Once you know where the frontier runs in your feature set, you have two structural choices: design around the capability cliffs, or design verification into the cliff-crossing points.

Designing around means routing. Tasks that fall outside the frontier reliably should not be handed to the AI alone. The centaur pattern — a human-AI collaboration model where the human and AI each own the tasks they're better at, with a clear handoff boundary — outperforms both full automation and no automation in the research. This requires knowing the boundary, marking it explicitly in your product design, and making it easy for the human to pick up at that point without having to reconstruct context.

Designing verification in means friction. At cliff-crossing points — tasks where the model is capable most of the time but fails silently when it doesn't — the product needs to surface the output for human review rather than presenting it as final. The key design principle is reducing the cognitive load of verification: the human should be able to spot errors quickly, not validate from scratch. Diff views, confidence indicators, citations back to source material, and forced acknowledgment flows all serve this function. The goal is not to make humans verify everything. It's to make verification fast and reliable at the specific points where the frontier is ragged.

Don't hide the frontier from users. There's a strong product management instinct to minimize the visible limitations of AI features. This instinct produces over-reliance. Users who understand that the system is excellent at synthesis but unreliable at extracting exact figures will use it appropriately. Users who believe the system is uniformly capable will not catch the figure extraction errors until the downstream consequences appear. Transparency about the frontier isn't a weakness in your product narrative. It's the mechanism that keeps your users' trust calibrated to reality.

The Frontier Is Narrowing, But It Isn't Going Away

Ethan Mollick, who helped coin the jagged frontier concept, has observed that the frontier is narrowing — tasks that clearly illustrated AI's gaps twelve months ago have largely been resolved. o3 and Gemini 2.5 handle tasks that would have required careful human judgment when the original frontier research was published.
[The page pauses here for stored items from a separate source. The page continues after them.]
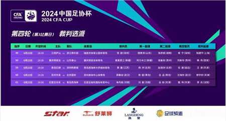 北京时间6月22日,足协杯官方公布了第4轮第3比赛日的裁判员选派名单,麦麦提江执法重庆铜梁龙vs山东泰山,黄翼执法青岛红狮vs深圳新鹏城,顾春含执法苏州东吴vs北京国安。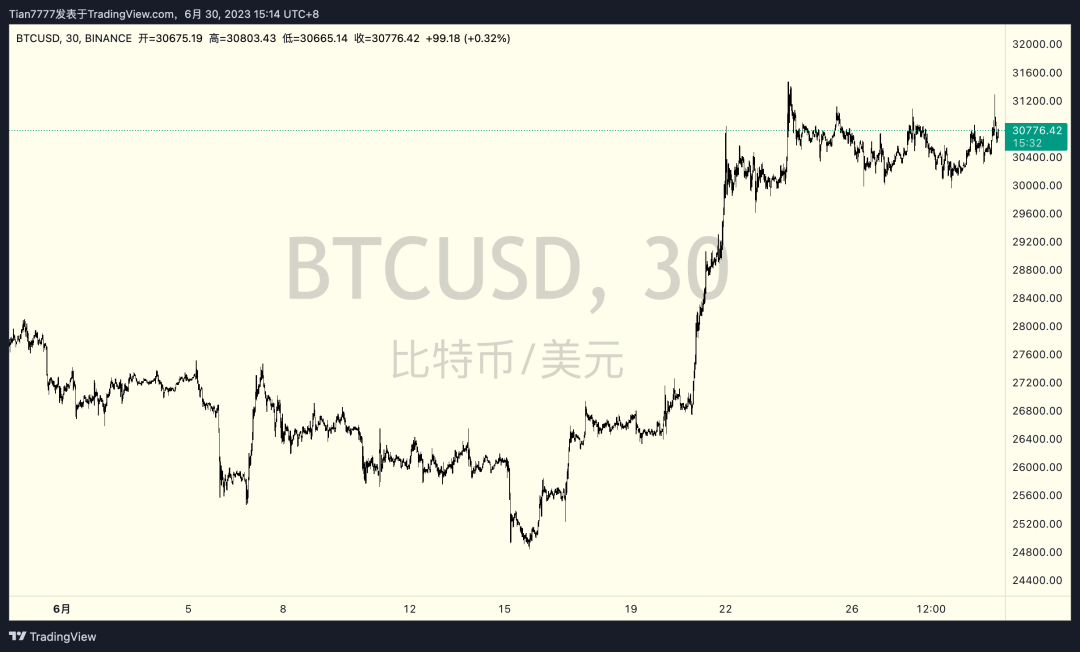 用“大起大落”这个词来形容今年6月以来BTC的走势一点都不为过,准确来说应该是先大落后大起。BTC价格首先在六月初受币安被起诉黑天鹅事件叠加美债抽取流动性等负面因素影响,BTC一度跌至最低24800。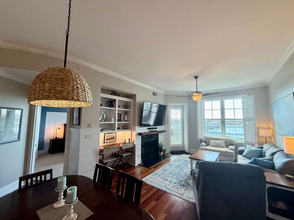 Enjoy the views of the island from the fully equipped kitchen, the dining area, and the living room. There is also a large balcony that separates the master bedroom from the living area. Each morning, enjoy the sunrise on the island and each evening, the sun setting over the boats in the harbor.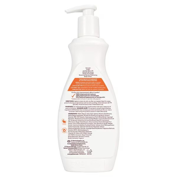 La formule de beurre de cacao de Palmer Smooth Radiant Exfoliating Body Lotion (400ml) a été formulée avec un triple mélange d’hydratants activateurs d’éclat pour lisser la peau rugueuse et cahoteuse et offre jusqu’à 48 heures d’hydratation.
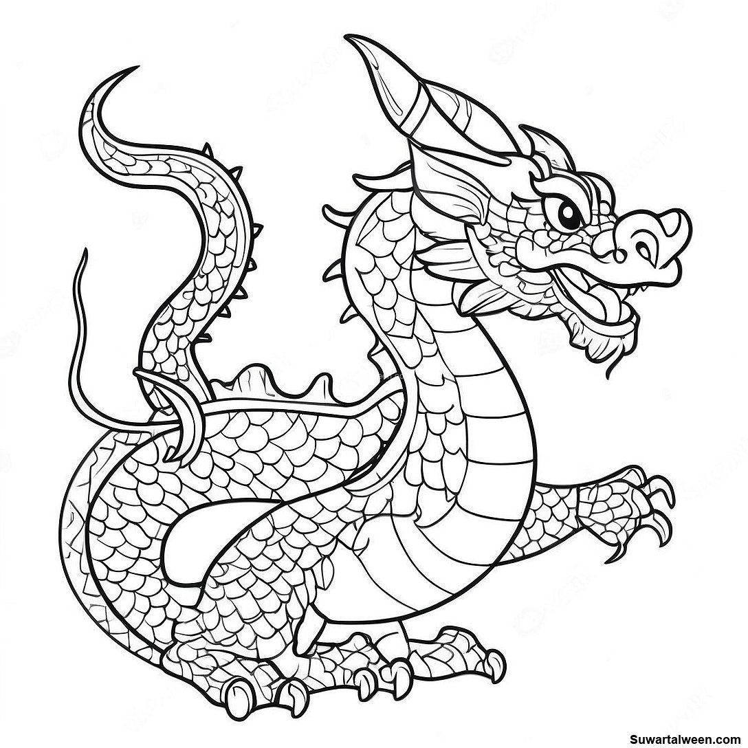 قم بتنزيل PDF القابل للطباعة لـ صفحة تلوين التنين الصيني الملون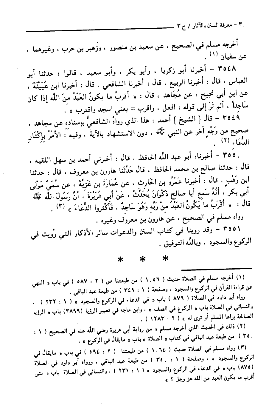 3551 - وَقَدْ رَوَيْنَا فِي كِتَابِ السُّنَنِ وَالدَّعَوَاتِ سَائِرَ الْأَذْكَارِ، الَّتِي رُوِيَتْ فِي الرُّكُوعِ وَالسُّجُودِ، وَبِاللَّهِ التَّوْفِيقُ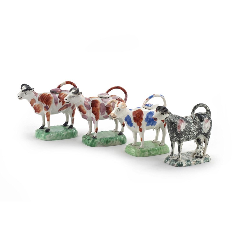 Four cow creamers and three covers early 19th century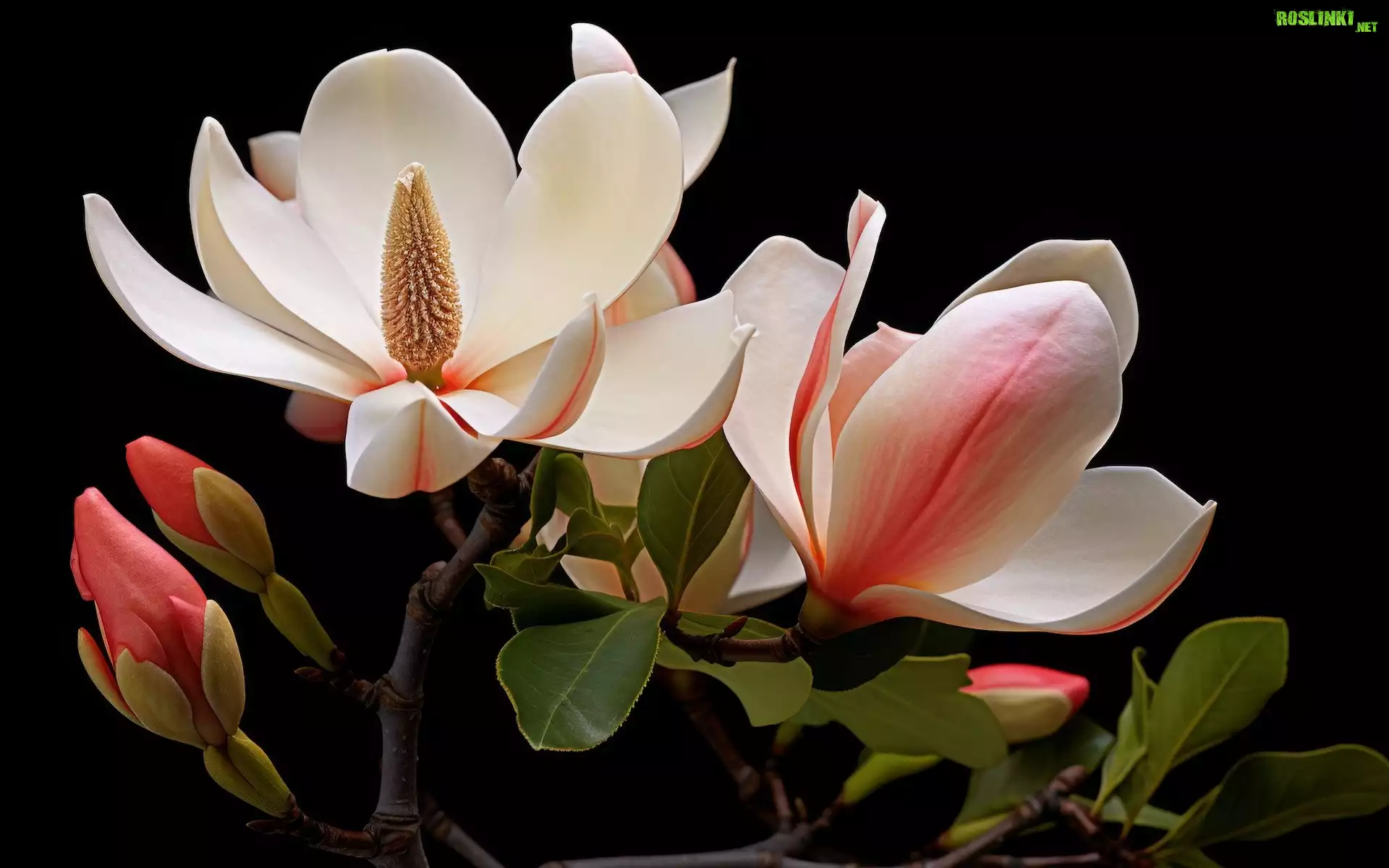 Rośliny: Biało-różowe, Kwiaty, Magnolia, Liście, Ciemne, Tło, Grafika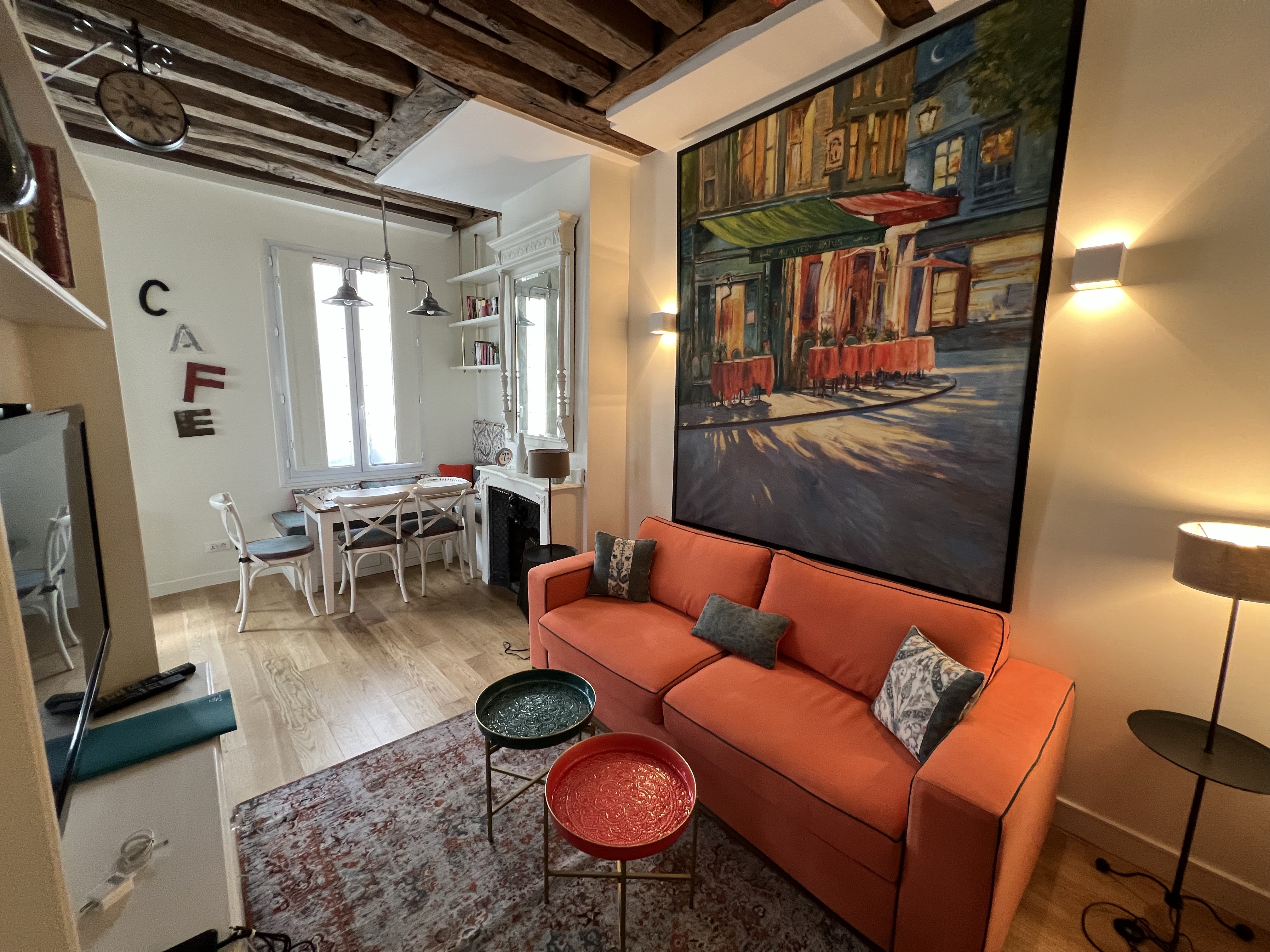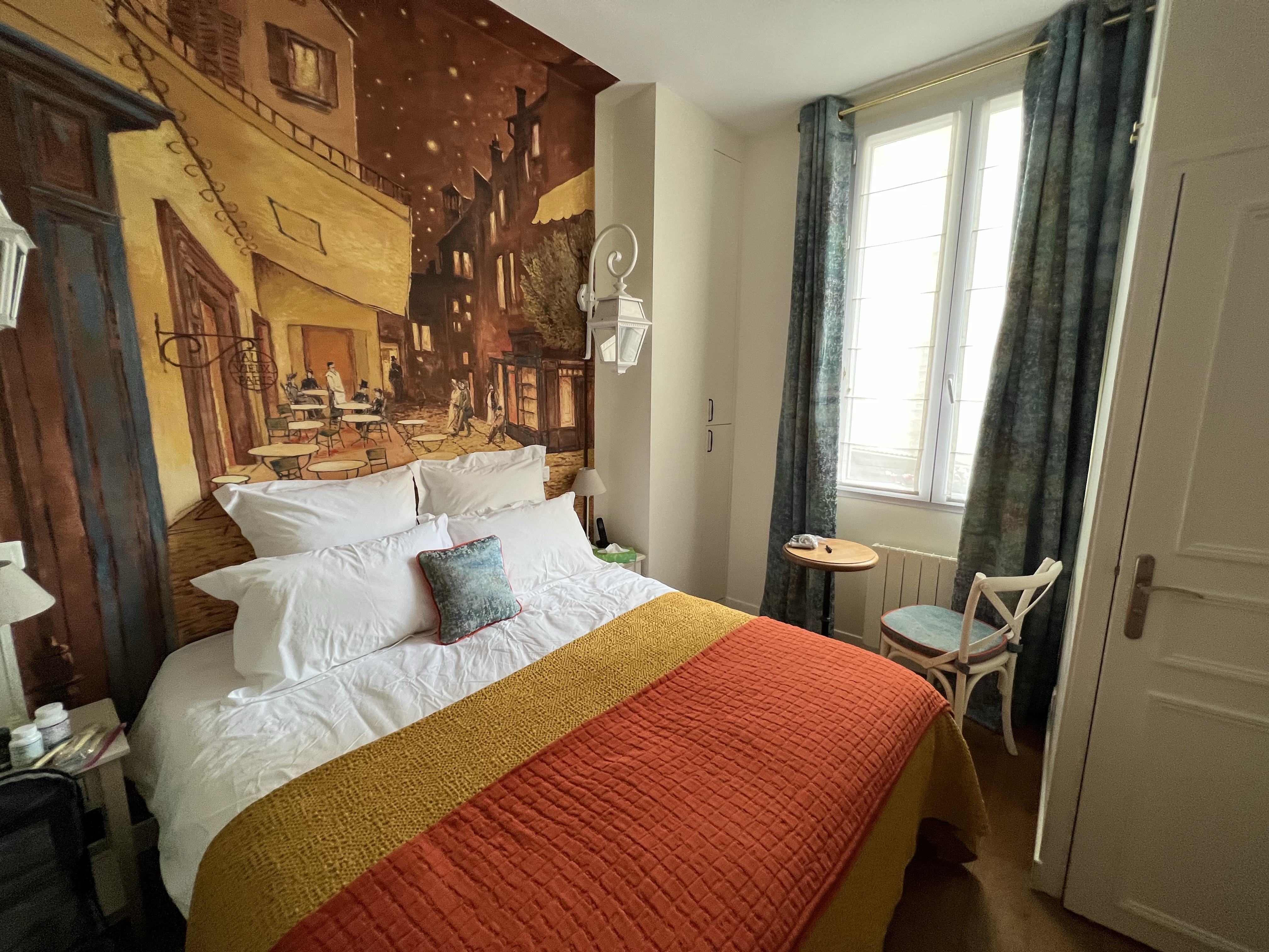 Today, I had a bit of time in the morning for a walk before heading to the train station for TER to Bordeaux and then TGV to Paris. Luckily I saw there was an earlier train, so took that, which gave me enough time for a quick salad in Bordeaux before taking the train to Paris. Nothing like blasting along at 200mph! Got to the apartment and, it was more spacious than expected. I bought a share in this sight unseen during the pandemic, and compliments to Adrian Leeds and her crew for doing a beautiful job of remodeling it and making it well equipped. Still figuring out where to put things and how things work, but wow what a perfect spot! Paris is having nice warm spring weather and everyone is out and about and sitting on the terraces.

This creates a natural temptation to treat the jagged frontier as a temporary problem. It isn't. The frontier is structural. As models become capable enough to handle the tasks that currently define the frontier's rough edges, new capabilities develop and new rough edges appear. The specific shape changes; the jaggedness persists.

The implication for engineers is that frontier mapping is not a one-time activity before launch. It's an ongoing operational process, the same way you'd continuously monitor model output quality or latency. The frontier you're shipping against today will be different from the frontier your feature runs against after the next major model update. Build the measurement infrastructure to detect when it moves.

The teams that ship AI products safely are not the ones who assume capability is coherent. They're the ones who build the discipline of finding out exactly where it isn't.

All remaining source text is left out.